36.   Under section 49 of the CRTA and CRT rules, the CRT will generally order an unsuccessful party to reimburse a successful party for CRT fees and reasonable dispute-related expenses. In this case, the applicant was only partially successful, so I find he is entitled to reimbursement of $62.50 which is half his paid CRT fees. He did not claim dispute-related expenses.

ORDERS

37.   Within 30 days of the date of this order, I order the respondent to pay the applicant a total of $562.50, broken down as follows:

a.    $500 in damages, and

b.    $62.50 in CRT fees.

38.   The applicant is entitled to post-judgment interest under the Court Order Interest Act, as applicable.

39.   I dismiss the applicant’s claim for railing damage.

40.   Under section 48 of the CRTA, the CRT will not provide the parties with the Order giving final effect to this decision until the time for making a notice of objection under section 56.1(2) has expired and no notice of objection has been made. The time for filing a notice of objection is 28 days after the party receives notice of the CRT’s final decision. Under the COVID-19 Related Measures Act, the CRT may waive, extend or suspend mandatory time periods. This is in effect until 90 days after June 30, 2021, which is the end-date of the March 18, 2020 state of emergency, but the Province may shorten or extend the 90-day timeline at any time. A party should contact the CRT as soon as possible if they want to ask the CRT to consider waiving, suspending or extending the mandatory time to file a Notice of Objection to a small claims dispute.

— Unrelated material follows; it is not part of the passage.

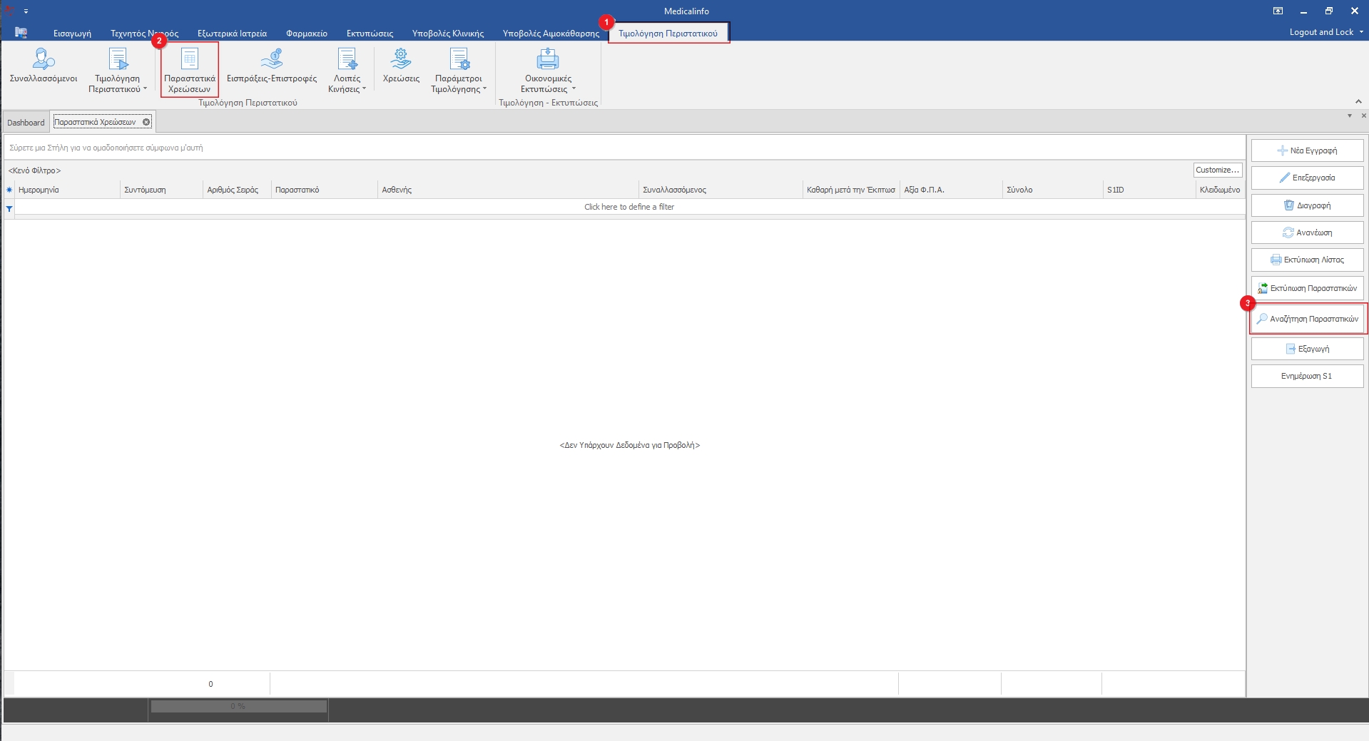 Αρχικά θα εμφανιστούν τα παραστατικά με ημερομηνία έκδοσης την τρέχουσα, για να αναζητήσουμε ένα ή και περισσότερα παραστατικά χρέωσης κάνουμε κλικ στο κουμπί Αναζήτηση Παραστατικού(3).

41.   Under section 58.1 of the CRTA, a validated copy of the CRT’s order can be enforced through the Provincial Court of British Columbia. A CRT order can only be enforced if it is an approved consent resolution order, or, if no objection has been made and the time for filing a notice of objection has passed. Once filed, a CRT order has the same force and effect as an order of the Provincial Court of British Columbia.